- Theatrical release poster
- Directed by: Steven C. Miller
- Screenplay by: Jayson Rothwell
- Based on: Silent Night, Deadly Night by Charles E. Sellier, Jr.
- Produced by: Shara Kay Phyllis Laing Richard Saperstein Brian Witten
- Starring: Malcolm McDowell Jaime King Donal Logue Ellen Wong Brendan Fehr
- Cinematography: Joseph White
- Edited by: Seth Flaum
- Music by: Kevin Riepl
- Production companies: Buffalo Gal Pictures Media House Capital
- Distributed by: Anchor Bay Films
- Release date: November 30, 2012;
- Running time: 94 minutes
- Countries: United States Canada
- Language: English
- Box office: $130,781

= Silent Night (2012 film) =

2012 film by Steven C. Miller

Silent Night is a 2012 slasher film directed by Steven C. Miller and starring Malcolm McDowell, Jaime King, Donal Logue, Ellen Wong, and Brendan Fehr. It is the reboot of Charles E. Sellier, Jr.'s 1984 film Silent Night, Deadly Night and the sixth installment in the Silent Night, Deadly Night film series. It received mixed reviews from critics. It was given a limited theatrical release on November 30, 2012, and was released on DVD and Blu-ray Disc on December 4.

== Plot ==
A mysterious man dresses in a Santa Claus suit, complete with a mask. Once dressed, "Santa" captures and kills Deputy Kevin Jordan in the small town of Cryer, Wisconsin. Jordan is sleeping with the married Alana Roach and is electrocuted with Christmas lights in his home. The following day, Christmas Eve, Sheriff James Cooper calls Deputy Aubrey Bradimore in on her day off when Jordan does not arrive at work. Aubrey is a new addition to the sheriff's office and is still reeling from the unexpected death of her husband John. She does not think she is a good deputy, as she is trying to live up to her father, a retired sheriff. Aubrey was going to spend the holiday with her parents but instead goes out to check on Jordan, finding his mangled body, and Roach, who has been dismembered, later in the day. Sheriff Cooper decides not to tell Mayor Revie until the case is solved.
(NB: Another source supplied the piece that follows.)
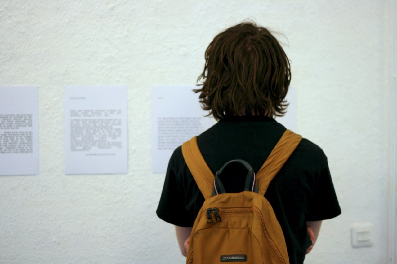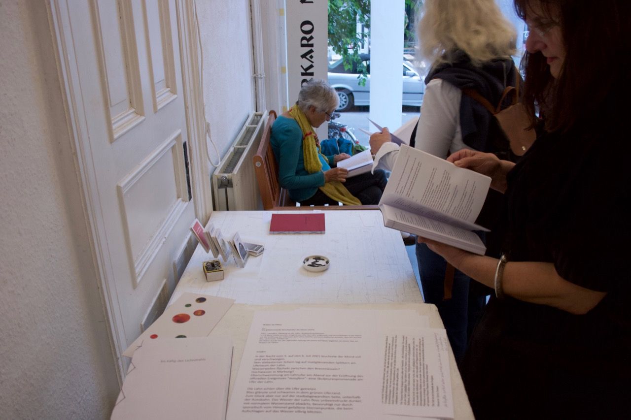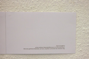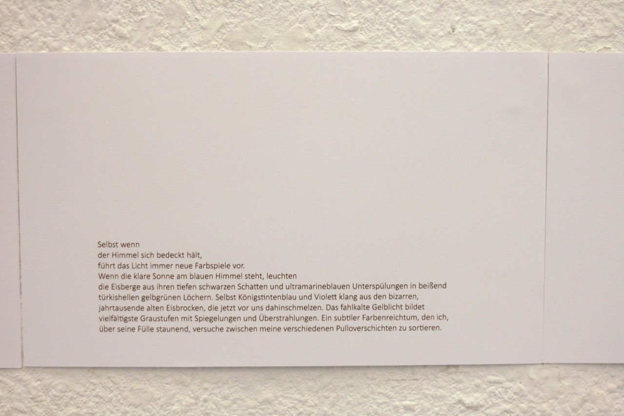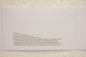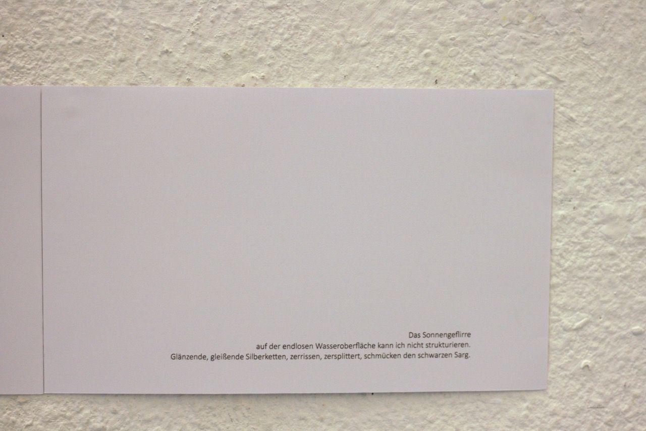 und einige kleine Texte als Widerschein entzogener Sichtbarkeit ablesbar an die Wand geheftet.

Meanwhile, the masked Santa killer goes on a murder spree, killing those who have done something he considers 'naughty.' His next victim is a bratty teenage girl who he kills with a cattle prod. He then makes his way to the local motel, murdering Frank and Goldie during a softcore porn shoot. Maria tries to hide in a Christmas tree farm, but the killer chops off one of her legs and shoves her into a woodchipper. Sheriff Cooper calls in Deputy Stanley Giles and goes out to find the killer himself but comes back empty-handed. The killer Santa arrives at the church and kills the perverted Reverend Madeley for stealing donation money. Aubrey starts to suspect drug dealer Stein Karsson as the killer.

Aubrey attempts to interrogate Karsson, but he flees. Aubrey gives chase, and she is nearly killed but is narrowly saved by Sheriff Cooper. Aubrey and Cooper suspect Santa portrayer Jim Epstein as the killer, who now kills Mayor Revie, his daughter Tiffany, and her boyfriend Dennis. During the town's annual Christmas parade, Aubrey searches for the killer but is unable to identify him among a crowd of men dressed in Santa Claus suits, though she arrests Jim when he flees from her. Aubrey goes to Karsson's motel room to arrest him and is forced to kill him when he draws a gun.
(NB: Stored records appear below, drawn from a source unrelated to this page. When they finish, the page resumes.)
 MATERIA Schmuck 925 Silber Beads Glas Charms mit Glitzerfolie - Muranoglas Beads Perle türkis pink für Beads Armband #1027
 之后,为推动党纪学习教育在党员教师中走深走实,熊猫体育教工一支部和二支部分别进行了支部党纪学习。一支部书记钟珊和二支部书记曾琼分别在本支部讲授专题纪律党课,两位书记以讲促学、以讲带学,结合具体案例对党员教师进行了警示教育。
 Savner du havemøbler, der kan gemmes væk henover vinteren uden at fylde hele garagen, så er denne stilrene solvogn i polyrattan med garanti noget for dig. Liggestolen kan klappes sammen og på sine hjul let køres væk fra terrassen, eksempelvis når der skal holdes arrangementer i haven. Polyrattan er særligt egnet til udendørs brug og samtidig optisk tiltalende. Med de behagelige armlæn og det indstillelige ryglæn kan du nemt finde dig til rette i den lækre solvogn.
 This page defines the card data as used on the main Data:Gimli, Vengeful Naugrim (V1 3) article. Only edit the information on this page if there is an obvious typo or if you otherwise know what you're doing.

Aubrey notices a gift box that contains a piece of coal and recalls that both the station and her father had received the same gift. Aubrey arrives at her parents' home, only to find her father disemboweled and her mother hiding in the closet. Meanwhile, the killer attacks the station, killing Giles with an axe, torching Cooper with a flamethrower, and beating Jim to death with brass knuckles. Aubrey, along with the station secretary Brenda, are cornered inside the police station, where the killer tries to burn down the building with a homemade flamethrower. Aubrey is able to overpower the killer Santa and sets him on fire, leaving the station with Brenda. Unbeknownst to them, the killer manages to survive and escape.
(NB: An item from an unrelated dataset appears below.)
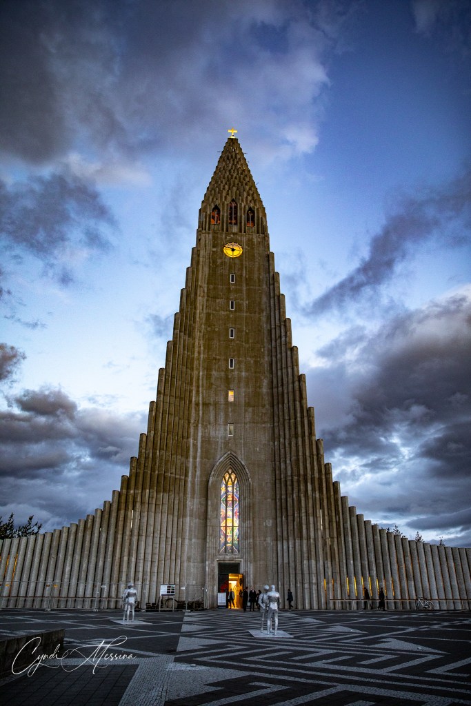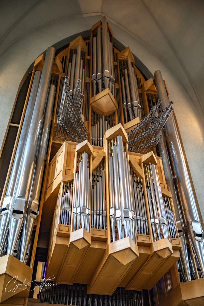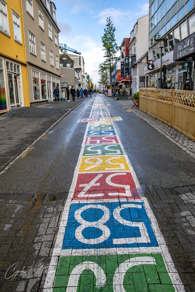 So here are some of the photos of the city. We so enjoyed our time there! There is a huge cathedral called Hallgrimskirkja (the church of Hallgrimur). It is a Lutheran Church and towers at 74 meters tall. It is the tallest church in the country and the 6th tallest structure in Iceland. The architect designed it in the late 1930’s and was inspired by the Icelandic basalt lava columns that are found all over Iceland. The Church was finished in 1986 and has a huge pipe organ that is 15 meters tall and weighs 25 tons! It has over 5000 pipes and easily fills the huge space with music, as when I took refuge from the rain and wind that first day in the church, the organist was practicing. Although a Lutheran church with the stark relief of a Protestant church, it has a traditional Catholic candle lighting area in the back, where I lit a candle for my Joe. I also paid a small amount to ride the elevator to the top and see the giant bell that rings every quarter hour and look out over the city and the coastline. Right in front of the church is a big statue of Leif Eriksson. The sculpture was given to Iceland in the 1930’s from the United States to commemorate the 1000th anniversary of Icelandic Parliament. I actually went a few times to this church to catch it during the daytime and then at sunset…which wasn’t until nearly 10 p.m. when I was there. There are a few shopping areas near the church that has a rainbow road leading to the church and then a giant hopscotch on the pedestrian path that goes on for several city blocks. A lot of the natives who live and work in town ride those electric scooters everywhere..going pretty fast. I was surprised to not be run over by one of these folks.

It is revealed that the killer Santa is Ronald Jones, Jr., owner of a local chimney cleaning and repair service. During the manhunt, Aubrey learned from Karsson that Ronald Sr. had crashed his ex-wife's Christmas party many years ago, burning her alive with the homemade flamethrower. Aubrey's father Hank was the deputy that responded to the situation and gunned him down, causing the flamethrower to explode, burning him to death, only to find out that Ronald Jr. was in his father's truck watching the entire time. The tragedy caused Ronald Jr. to go insane and seek revenge, dressing as Santa so he would not get caught during Cryer's Christmas festivities. The film ends with Ronald Jr leaving Cryer in his truck.

== Production ==
The idea to remake the original film of the Silent Night, Deadly Night series came in 2006. After a screening of the first film, Scott Schneid, who co-created it, suggested the idea of a remake to Ryan Heppe, who worked at David Foster Productions as a development executive. Heppe convinced Foster to announce that there would be a remake.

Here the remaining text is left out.